Nós, seres humanos, somos bípedes. seres caminhantes, desde que alinhamos a coluna vertebral, nos primórdios de nossa evolução. Eu sou, além disso, um pedestre. Parece estranho distinguir essa condição, mas por estarmos cada vez mais motorizados, realço a minha profissão de fé em caminhar. Obviamente, me utilizo de automóveis para me deslocar de um lado para outro, tanto profissionalmente quando para outros compromissos. Apesar de “ideologicamente” rejeitar o carro como a melhor opção de transporte, depois dos 30 anos, casado, me senti impelido a fazer aulas de direção. Mas não me tornei motorista autorizado. Não consegui passar nos exames. Falhei três vezes. Não insisti mais.
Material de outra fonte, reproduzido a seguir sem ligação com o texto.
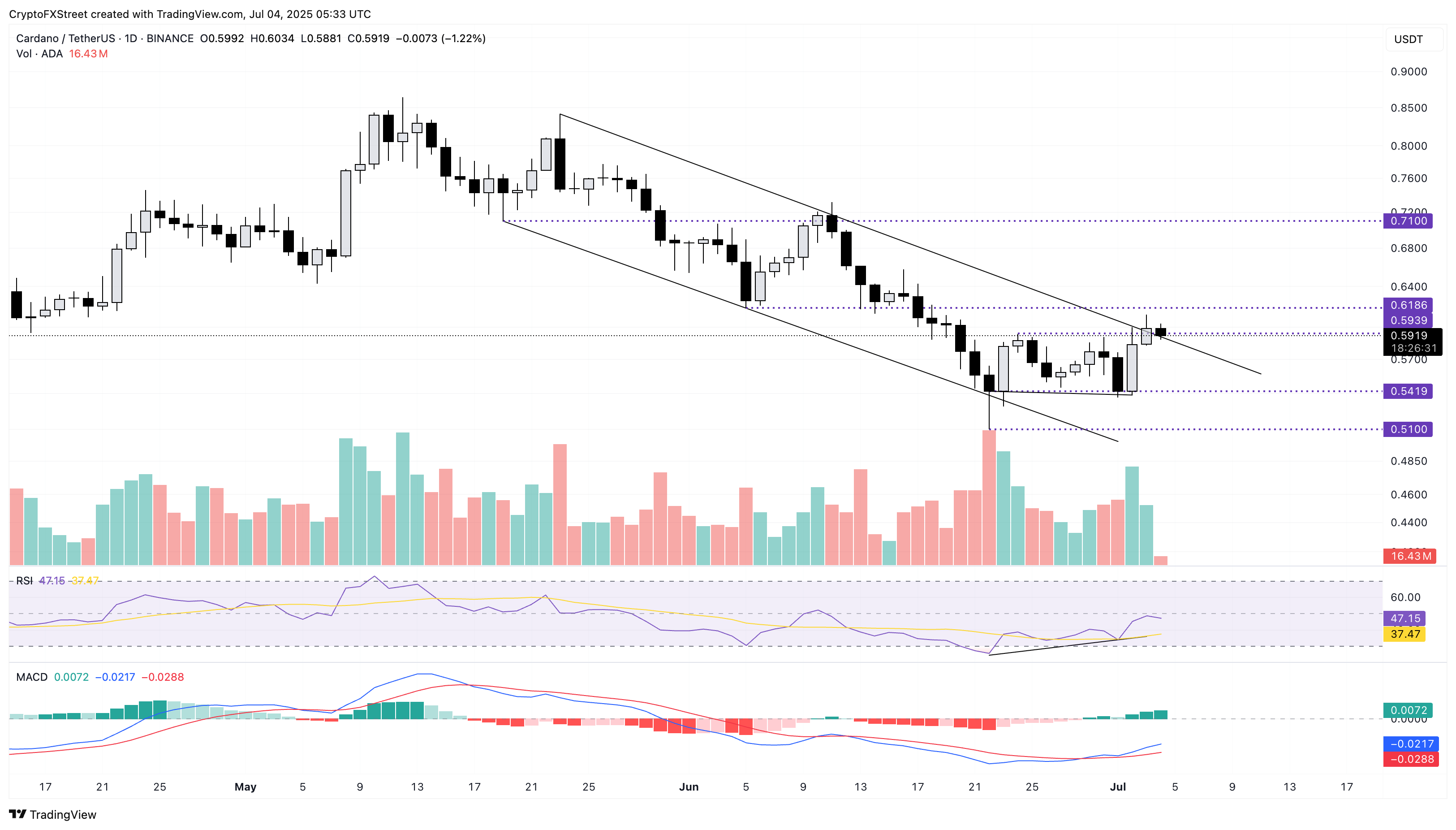 ADA нацелена на прорыв канала, целевая цена составляет 0,71 доллара
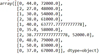 X[:,1:3] = imputer.transform(X[:,1:3])
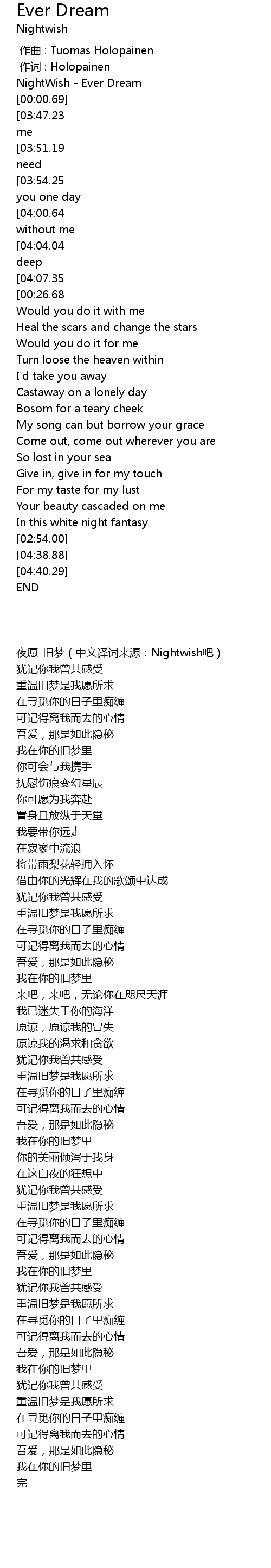 | [00:00.00] | NightWish - Ever Dream |
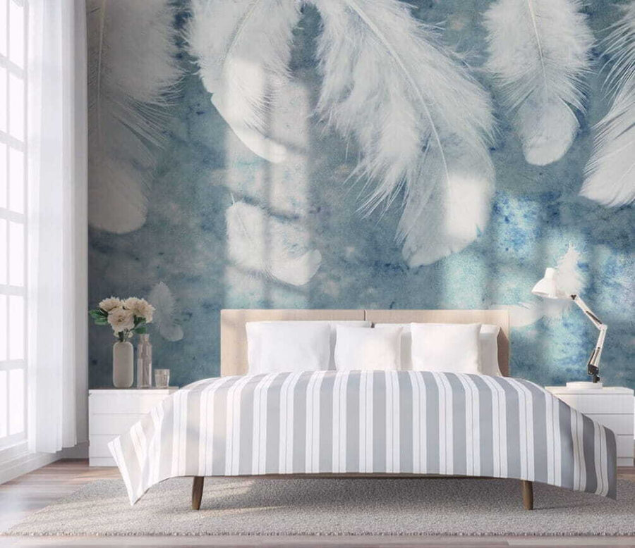 Imaginez ceci : de douces plumes flottant sur un fond doux et rêveur. C’est exactement ce que vous obtiendrez avec la peinture murale “Plumes flottant sur un fond doux”. C’est comme si vous entriez dans une rêverie sereine à chaque fois que vous pénétrez dans la pièce ! Les plumes, légères comme l’air, semblent presque danser, vous donnant l’impression d’être en apesanteur et de vous sentir à l’aise.

Quando fiz 18 anos, a primeira decisão que tomei para me sentir descompromissado com o status quo foi o de não tentar tirar carta de motorista – documento emblemático para o ritual de passagem da adolescência para a vida adulta. Para corroborar minha atitude, em certa ocasião vi uma exposição fotográfica no Instituto Goethe, a respeito da cultura do carro, da construção de vias preferenciais, “autobahns” e de como somos condicionados a utilizar veículos motorizados individuais como indicativo de autonomia, quando, na verdade, criamos dependência, além de uma relação quase pessoal-amorosa com o objeto-icônico – motivo de altercações leves a violentas, a culminar com crimes de morte por simplórias questões de trânsito.
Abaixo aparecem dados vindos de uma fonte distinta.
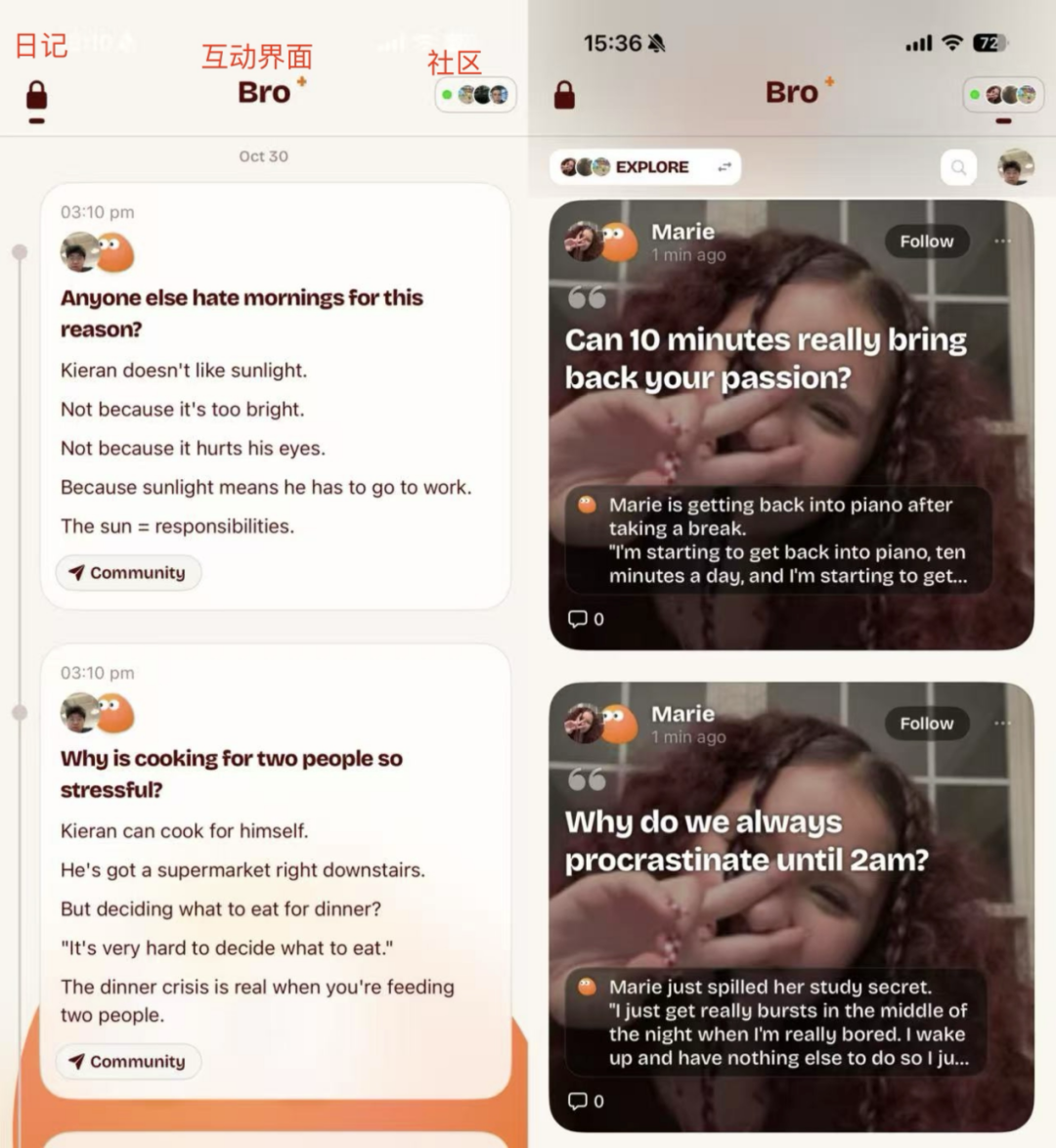 Bro 日记界面(左)、社区界面(右)

No atual estágio, apesar de haver crescimento dos alternativos, o carro é um “ser” poluente, excludente (aparta as pessoas em vez de congregá-las) e assassino. Já ouvi dizer que se quisesse cometer o crime perfeito, um atropelamento seria a forma mais viável. Horrível, mas verdadeiro. Basicamente, é aço contra carne. E tudo isso, em nome de um suposto conforto, à custa de muito desgaste emocional e financeiro. Mas, enfim, precisamos continuar a movimentar a Máquina.

Ontem, foi o Dia Internacional do Pedestre. Data instituída no mesmo dia da feitura da famosa foto que mostra a travessia dos The Beatles por uma faixa de segurança, capa do “Abbey Road”, de 1969, 12º e último disco da banda de Liverpool. Afora o mérito do lançamento dessa obra, que gerou especulações de todas as ordens, ser pedestre é quase uma profissão de fé. Sobrepondo uma questão a outra, um sonho meu será fazer a caminhada de São Thiago de Compostela. Juntarei o desejo de visitar a terra de antepassados ao sentido de fazer valer a direção que tomei na vida.
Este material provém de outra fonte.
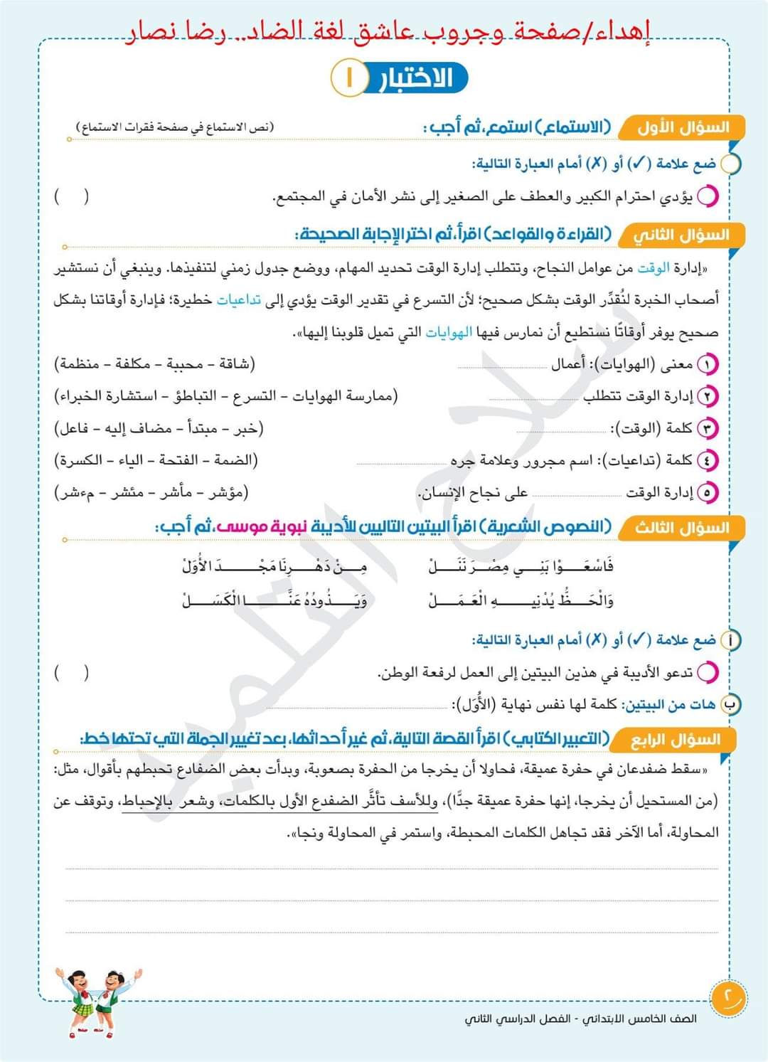 تحميل مراجعات شهر مارس من سلاح التلميذ للصف الخامس الابتدائي الترم الثاني 2023
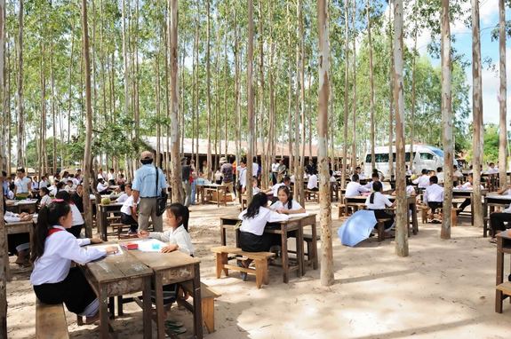 ポントゥン村に到着した私たちは、村や学校をしばし探索したのち、いよいよ図画工作のワークショップを始めることになります。学校の校庭には、まるでリゾート地のような木立。それを見ていた日比野さんが急に「よし、外でやろう。みんなに机と椅子を校庭に出してもらおう」、それが青空ワークショップの始まりでした。校庭に立ち並ぶ木立、実は景観を良くするためではなく、いずれはこれを伐採し、少しでも学校運営の足しにするためなのです。
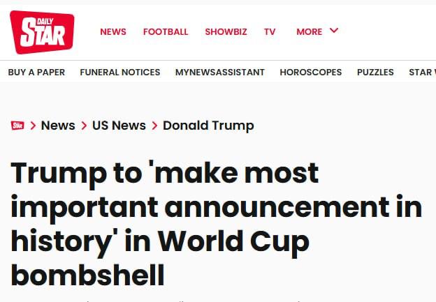 Британский режиссёр и документалист Марк Кристофер Ли заявил, что Дональд Трамп может использовать чемпионат мира по футболу 2026 года как площадку для беспрецедентного объявления — о первом контакте человечества с внеземной цивилизацией. Об этом пишет таблоид Daily Star.
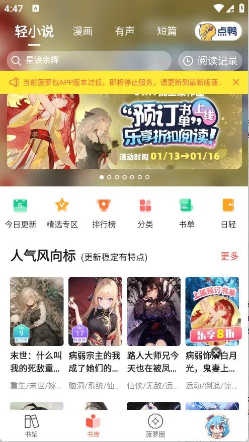 菠萝包轻小说app是国内老牌轻小说站点SFacg打造的手机追书软件,收录超十万本轻小说,涵盖多种主题分类。支持有声阅读,有各类榜单推荐,能wifi传txt,还有书评区等,满足阅读需求,助你摆脱书荒。
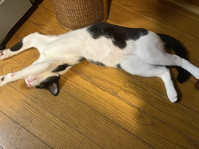 私の足元で大の字になって寝てました~(笑)

Depois de décadas sofrendo com o encravamento de minhas unhas dos pés – principalmente dedões –, comemoro a doma e a estabilidade proporcionada pelo tratamento com a Milena, minha podóloga. Graças à sua intervenção, posso caminhar sem dor. Calçar um sapato sem a perspectiva de retirar um instrumento de tortura é um alívio e tanto. Além disso, mostrar os pés nus sem ofender o olhar dos outros, já garante a despreocupação de caminhante-pedestre por função e opção. Rendição à imagem, mas igualmente signo de liberdade.